The title and territory of the Earl of Ross had originally been held by the Chief of Clan Ross but had passed through an heiress to the Leslie or Lesley family in the early 15th century. However, Angus Og's grandson, Donald of Islay, Lord of the Isles married Mariota, Countess of Ross (Margaret Lesley) who was the heiress of the Leslie Earls of Ross and he later claimed the position of Earl of Ross through this marriage.

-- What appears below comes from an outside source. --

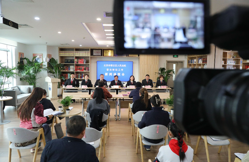 圖為密云區(qū)法院召開新聞發(fā)布會,向社會通報普法驛站建設(shè)情況。

In 1411, Donald secured Dingwall Castle which was the principal seat of the Earldom of Ross, after he had defeated the powerful Clan Mackay who were supporters of the Stewart confederacy at the Battle of Dingwall. This in turn resulted in the Battle of Harlaw on 24 July 1411, fought between Donald of Islay's forces and those of Robert Stewart, Duke of Albany, led by Alexander Stewart, Earl of Mar. It is believed there were 10,000 men in Donald's army at the Battle of Harlaw,. Although he inflicted a decisive victory, he did not go on to Aberdeen but took his army back to the Western Highlands. In the aftermath, Albany tried to take control of Ross but was unsuccessful. and By 1415 the Earldom of Ross was with Murdoch Stewart, Duke of Albany. Donald prepared for war and proclaimed himself "Lord of Ross". However, the Duke of Albany appointed his own son John Stewart, 2nd Earl of Buchan as the new Earl of Ross.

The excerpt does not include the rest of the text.